Malaysian automotive sector likely to see real rebound only in 2022

DESPITE the Malaysian Automotive Association (MAA) reported a monthly rebound of almost 150% in August’s total industry volume (TIV) to 17,500 units (-68% year-on-year [yoy]), analysts are generally wary of the outlook of the automotive sector.

Retaining its “neutral” stance on the sector, RHB Research foresees downside risks to the sector’s recovery which include persistent shortages of key components and delays in new model launches.

“With the mutating COVID-19 virus, we cannot rule out further rolling lockdowns ahead thereby posing a downside risk as well,” cautioned analyst Eddy Do Wey Qing in a sector update.

“Other downside risks include the tightening of bank approval for car financing and sharp weakening of the ringgit. On the contrary, upside risks include easing of supply chain disruptions, stronger-than expected demand for new vehicles, and favourable FX (foreign exchange) movements.”

As of Aug 16, car showrooms and assembly plants – previously deemed as non-essential – were allowed to resume operations, with the former opened to fully vaccinated patrons. Perodua registered 6,988 units in August, followed by 2,741 and 2,524 units from Proton and Toyota.

August’s TIV brings year-to-date (YTD) TIV to 273,757 units (-4.4% yoy) or 55% of RHB Research’s FY2021F TIV.

“We maintain our FY21F TIV of 500,000 units (-5.6%) in line with MAA’s TIV forecast,” noted the research house.

“We think this is achievable, premised on the assumption that sales for the remaining months (September-December) can achieve 90-95% of the monthly sales of FY20 – supported by the last leg of the sales & service tax (SST) exemption.”

Hong Leong Investment Bank (HLIB) Research is also “neutral” on the automotive sector despite August’s TIV rebound.

“We expect TIV to rebound in coming months as original equipment manufacturers (OEMs) ramp up production to cater for the strong demand prior expiry of SST exemption by end-2021,” projected analyst Daniel Wong.

“However, the situation remains fluid post SST exemption expiry by end 2021 (potentially extend into 2022) and constraint by global microchips supply shortage.”

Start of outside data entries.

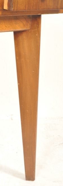 A vintage retro mid 20th century danish inspired desk / ladies desk in the manner of Alfred Cox. The desk of a rectangular form with three drawers to the frieze raised on tapered angular legs. Measures 74cm high x 116cm wide x 47cm depth.
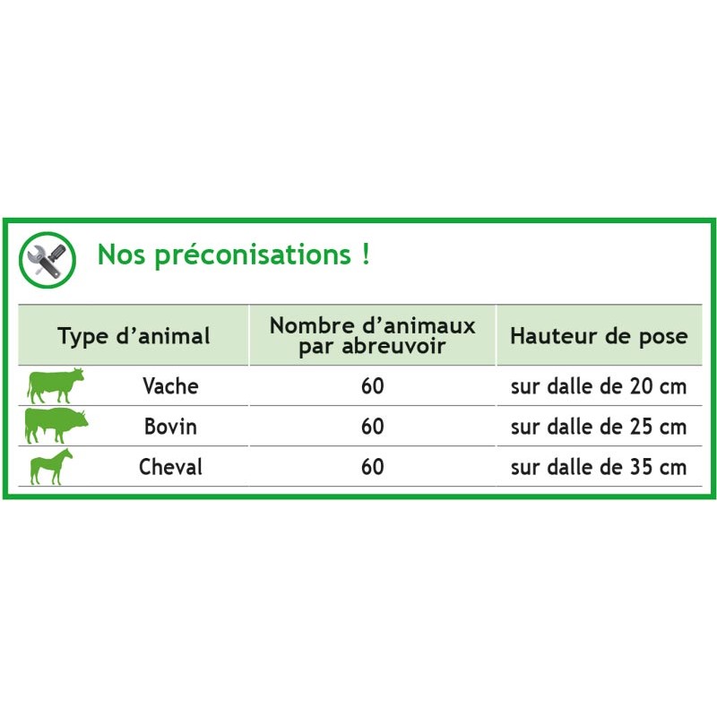 Abreuvoir isotherme de grande contenance conçu à partir d'un bac en polyéthylène rotomoulé en double paroi isolée par une mousse polyuréthane, d'un couvercle isotherme à double joint et d'une boule isolée ou d'une coupelle.
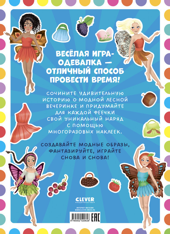 Серия: Наряди куколку Для всех, кто любит активити и игры «Одень куклу», — книжка с наклейками «Феечки»! Здесь вы найдете 50 ярких стикеров, среди которых есть всё для создания модных образов: одежда, платья, аксессуары. Из них можно составлять наряды для подружек-феечек, а можно устроить лесную вечеринку! Эта игра не только развивает фантазию и художественный вкус, она еще и тренирует мелкую моторику и ловкость пальчиков, а также глазомер и логическое мышление. Какой из феечек что лучше подойдет? Какие аксессуары подобрать к платью? |
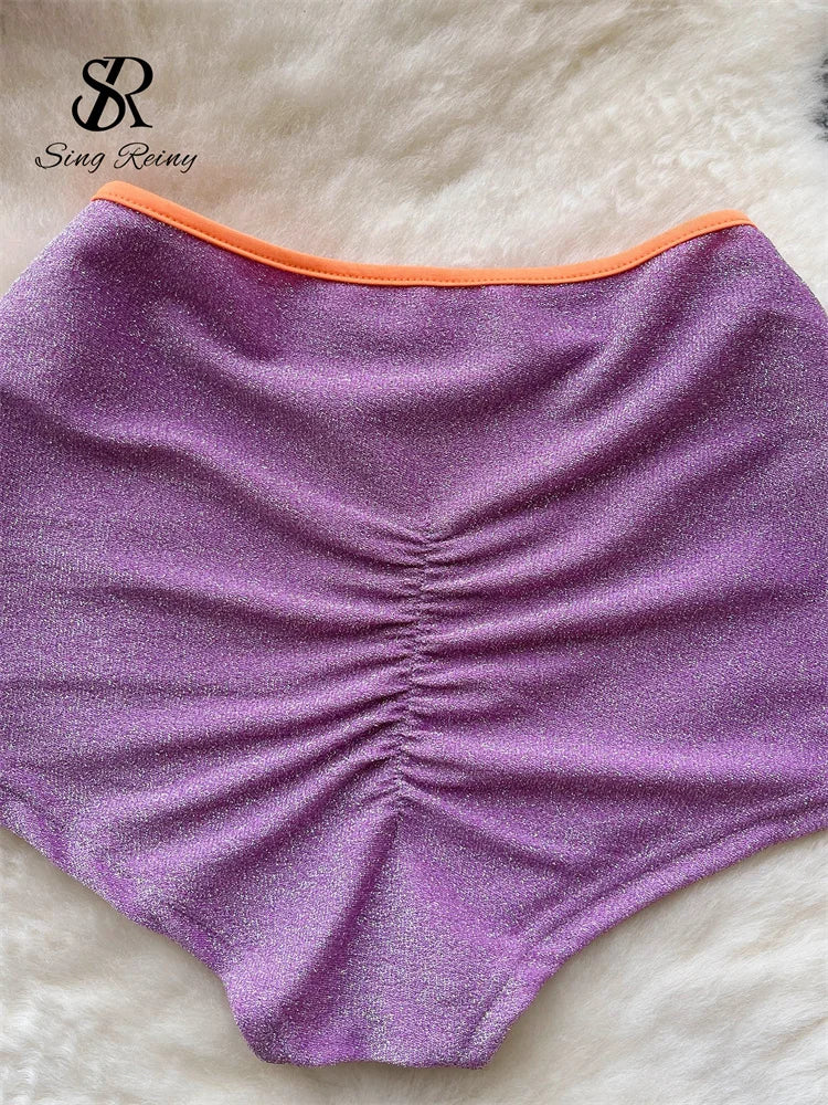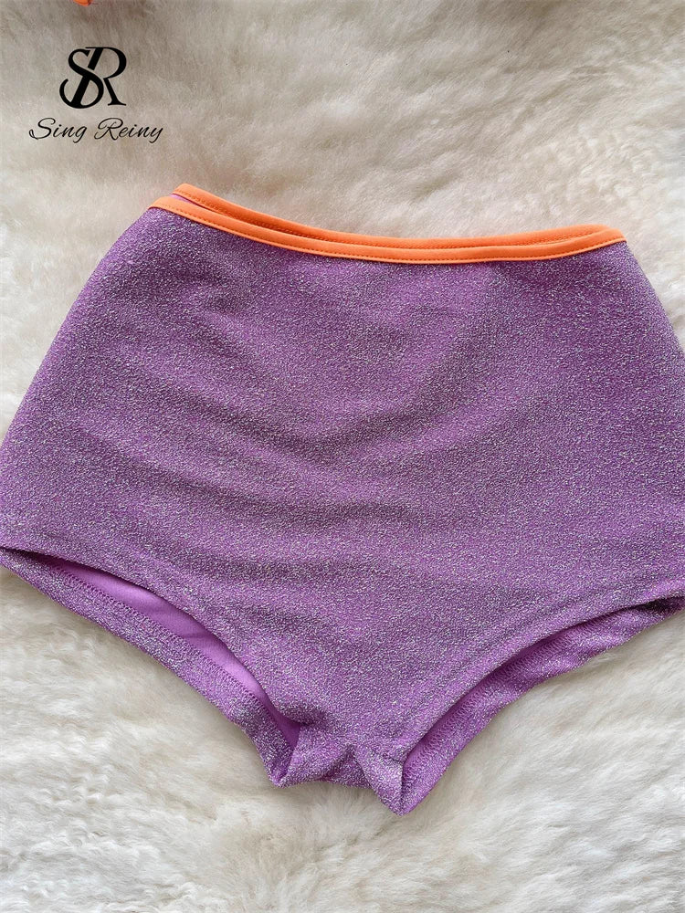 Runhufu Fashion Vacation Shiny Swimsuits Women Strap Backless Camisole+Elastic Waist Shorts Sexy Bikini Beach Two Pieces Suits

Kenanga Research also retained its “neutral” outlook on the automotive sector with an unchanged 2021 TIV target at 460,000 units (-13%) but expects a strong recovery next year with a 2022 TIV target of 600,000 units (+30%).

“Our 2022 TIV growth will be driven by the expected recovery in economy post lockdown and the assumption that herd immunity would be achieved by then, inevitably resulting in relaxation of standard operating procedures (SOPs) toward revitalising local travel which should push demand for passenger vehicles especially the affordable national marques,” justified analyst Wan Mustaqim Bin Wan Ab Aziz.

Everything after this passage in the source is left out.